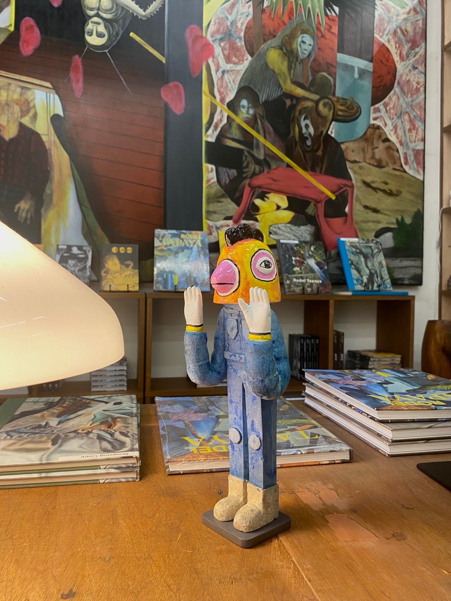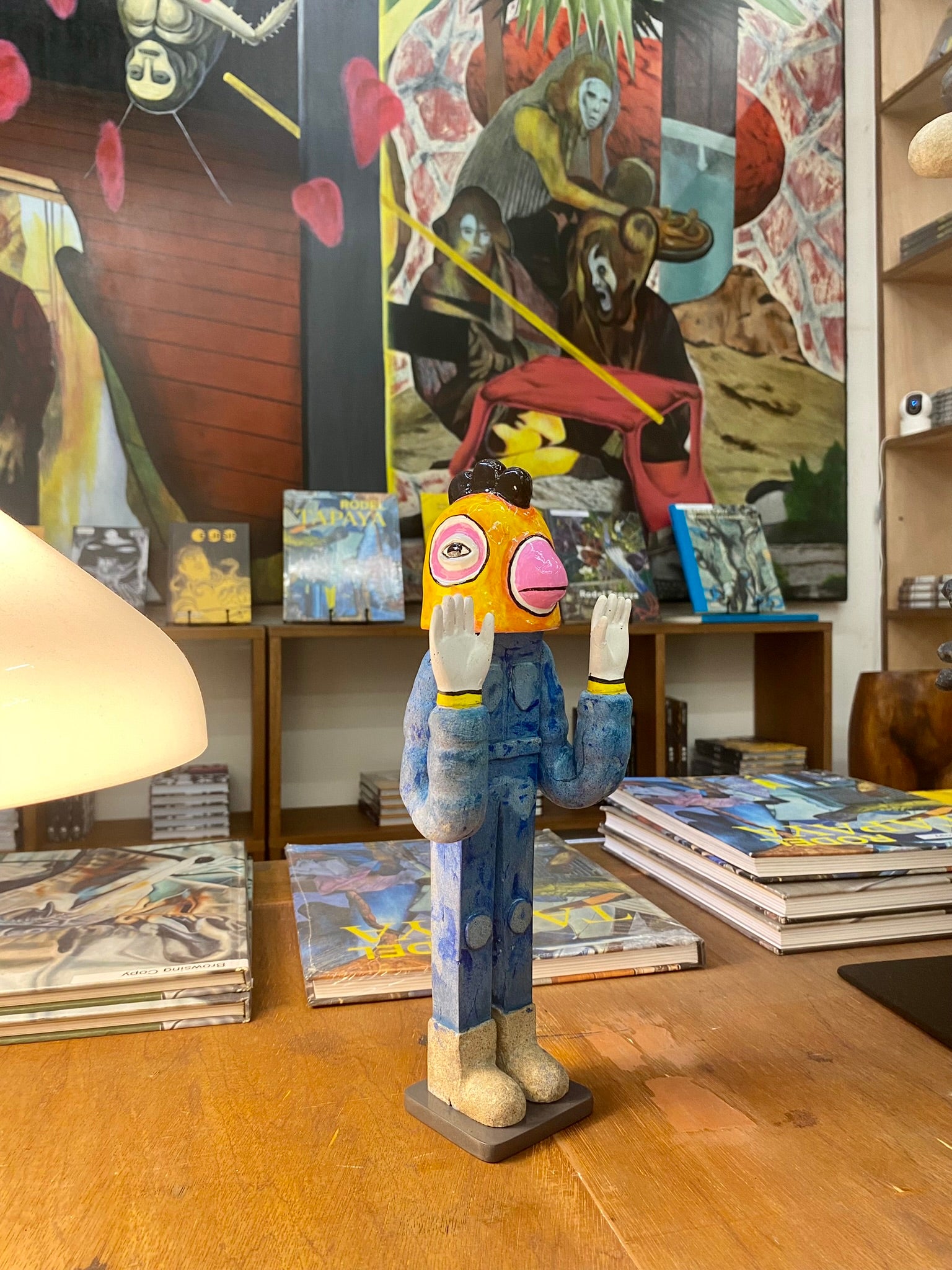 A myth that was said to hatch from Bulacan, "The Origin of Birds" serves as the inspiration for Rodel Tapaya's Chicken Army sculptures. This tale brings us back to a time long past, when birds still ceased to exist on Earth. There were instead three kings: Rajah Manuk, Rajah Uwak, and Rajah Lawin who fought amongst each other with the goal of expanding their respective dominions. With their blatant display of greed and brutality, the infuriated gods punished them by transforming them and their tribes into birds—a lasting reminder of their cruel acts to their progeny. Having been the greediest, Rajah Manuk and his tribe were particularly turned into terrestrial birds so that they may always remain grounded.
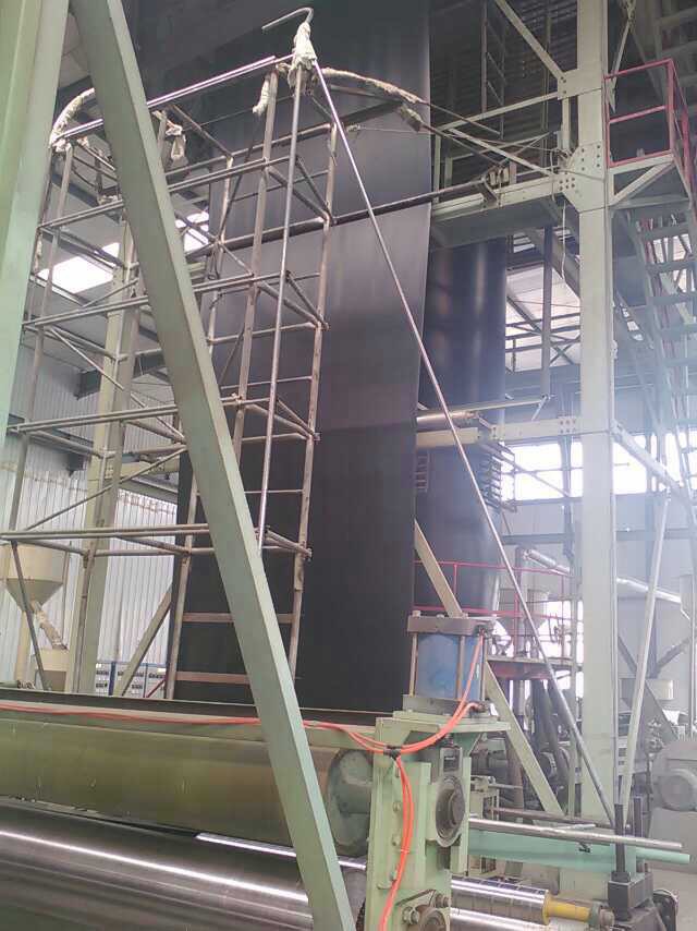 HDPE土工膜(防渗膜)是指将以(中)高密度聚乙烯树脂为原料,通过过设备模具加热融化再吹成膜的一种塑料加工工艺,通常采用将聚合物挤出成型管状膜坯,在较好的熔体流动状态下通过高压空气将管膜吹胀到所要求的厚度,经冷却定型后成型的膜。
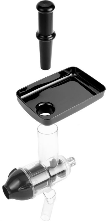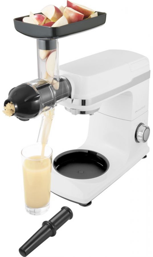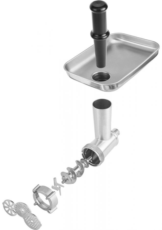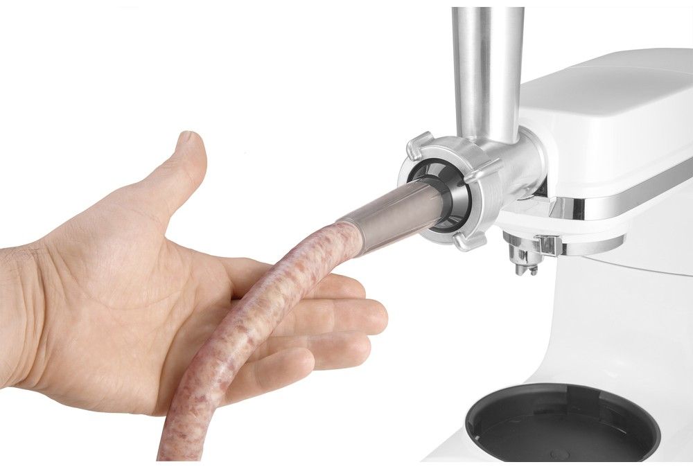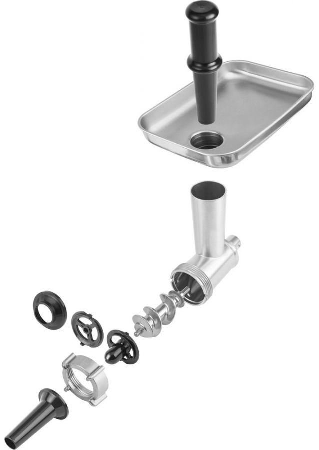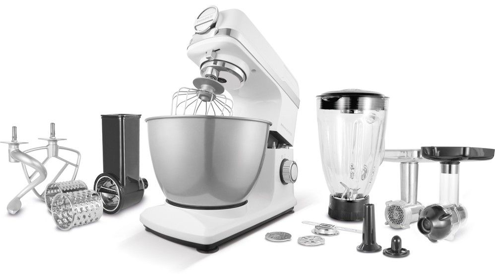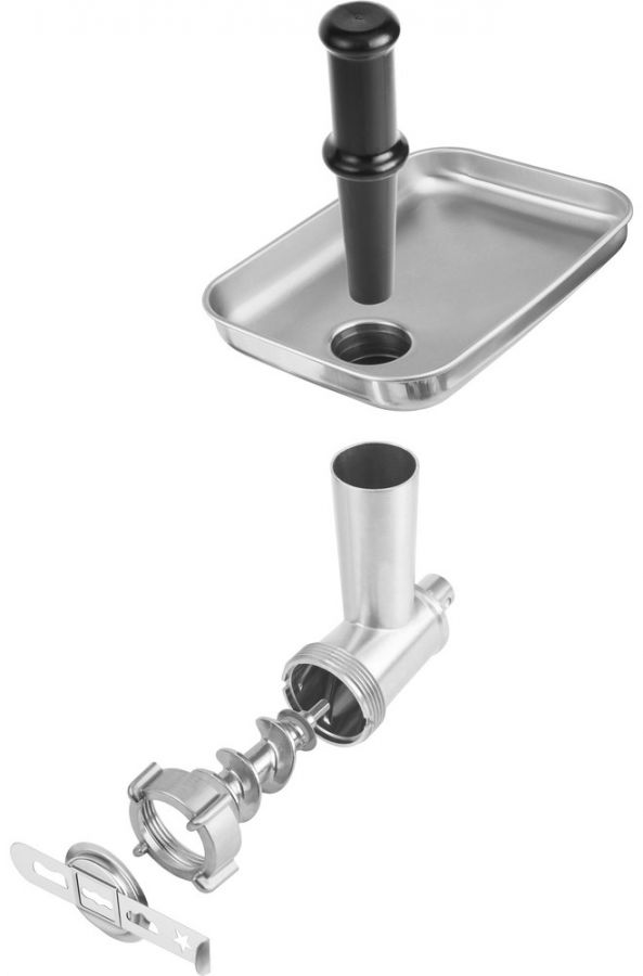 Bohaté příslušenství: Šlehací metla, Plochá metla, Hnětací hák, Mlýnek na maso (s nástavci pro plnění klobás a párků + tvořítko na cukroví), Skleněný mixér (objem 1,5 l), Struhadlo (se 3 nástavci), Lis na ovoce (systém pomalého odšťavnění), Kryt kovové nádoby
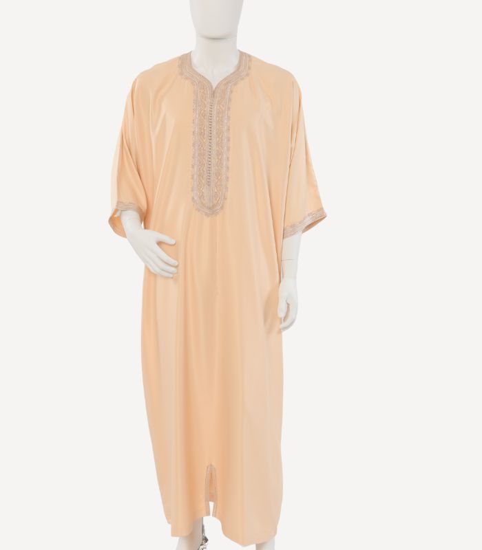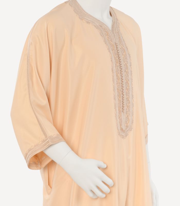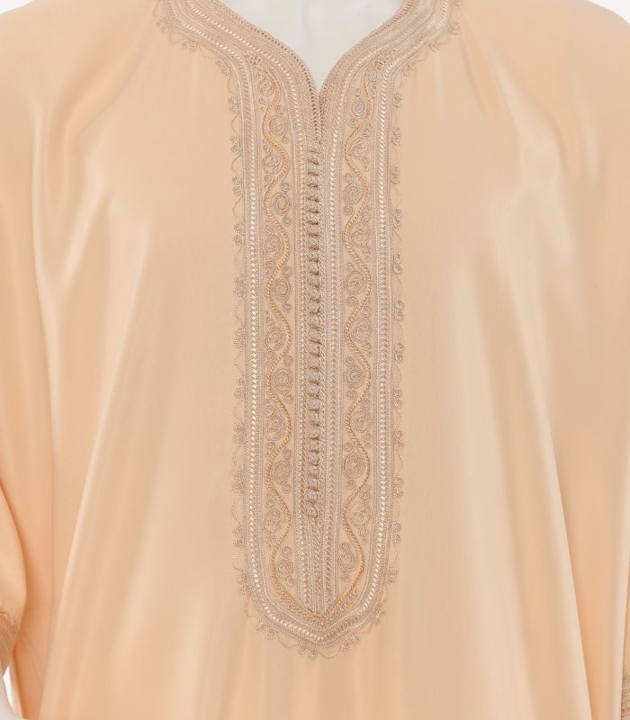 À la fois sobre et distinguée, cette gandora est idéale pour celles et ceux qui apprécient la noblesse des finitions artisanales et l’élégance discrète des tenues traditionnelles revisitées.
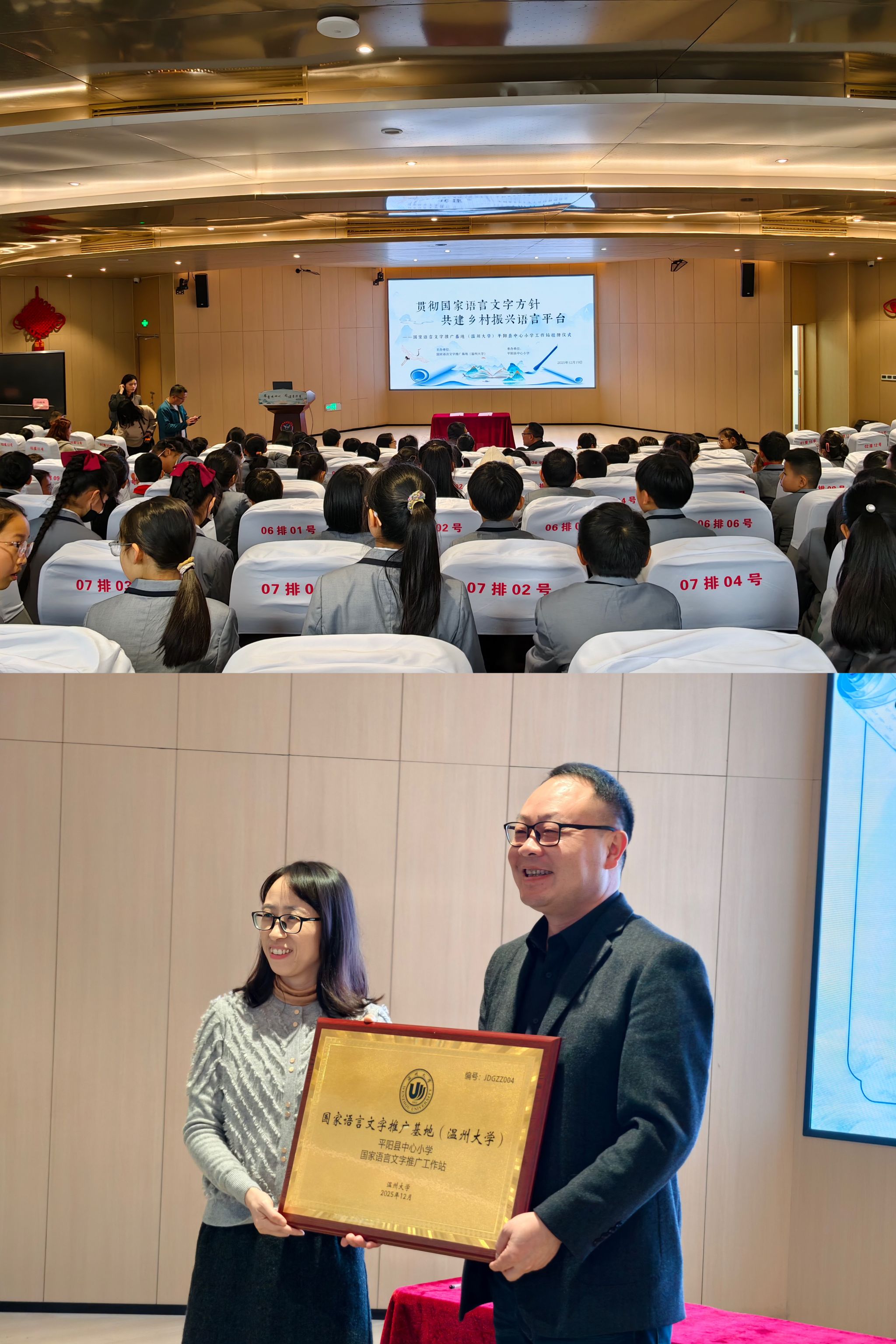 2025年12月19日,国家语言文字推广基地(温州大学)平阳县中心小学工作站成立挂牌暨球探体育 教工第三党支部与平阳县小党总支结对共建签约仪式在该校报告厅顺利举行。温州大学球探体育 党委书记江秀景,球探体育 副院长、国家语言文字推广基地(温州大学)执行主任陈源源,基地相关专家与教师代表,平阳县中心小学领导江盛盟、李庆财等班子成员与教师、学生代表,以及媒体记者百余人参加仪式。

WORK TASK: Every line of the material must be reproduced verbatim; the pictures are to be omitted.

SOLUTION TO THE EXERCISE:
 A myth that was said to hatch from Bulacan, "The Origin of Birds" serves as the inspiration for Rodel Tapaya's Chicken Army sculptures. This tale brings us back to a time long past, when birds still ceased to exist on Earth. There were instead three kings: Rajah Manuk, Rajah Uwak, and Rajah Lawin who fought amongst each other with the goal of expanding their respective dominions. With their blatant display of greed and brutality, the infuriated gods punished them by transforming them and their tribes into birds—a lasting reminder of their cruel acts to their progeny. Having been the greediest, Rajah Manuk and his tribe were particularly turned into terrestrial birds so that they may always remain grounded.
 HDPE土工膜(防渗膜)是指将以(中)高密度聚乙烯树脂为原料,通过过设备模具加热融化再吹成膜的一种塑料加工工艺,通常采用将聚合物挤出成型管状膜坯,在较好的熔体流动状态下通过高压空气将管膜吹胀到所要求的厚度,经冷却定型后成型的膜。
 Bohaté příslušenství: Šlehací metla, Plochá metla, Hnětací hák, Mlýnek na maso (s nástavci pro plnění klobás a párků + tvořítko na cukroví), Skleněný mixér (objem 1,5 l), Struhadlo (se 3 nástavci), Lis na ovoce (systém pomalého odšťavnění), Kryt kovové nádoby
 À la fois sobre et distinguée, cette gandora est idéale pour celles et ceux qui apprécient la noblesse des finitions artisanales et l’élégance discrète des tenues traditionnelles revisitées.
 2025年12月19日,国家语言文字推广基地(温州大学)平阳县中心小学工作站成立挂牌暨球探体育 教工第三党支部与平阳县小党总支结对共建签约仪式在该校报告厅顺利举行。温州大学球探体育 党委书记江秀景,球探体育 副院长、国家语言文字推广基地(温州大学)执行主任陈源源,基地相关专家与教师代表,平阳县中心小学领导江盛盟、李庆财等班子成员与教师、学生代表,以及媒体记者百余人参加仪式。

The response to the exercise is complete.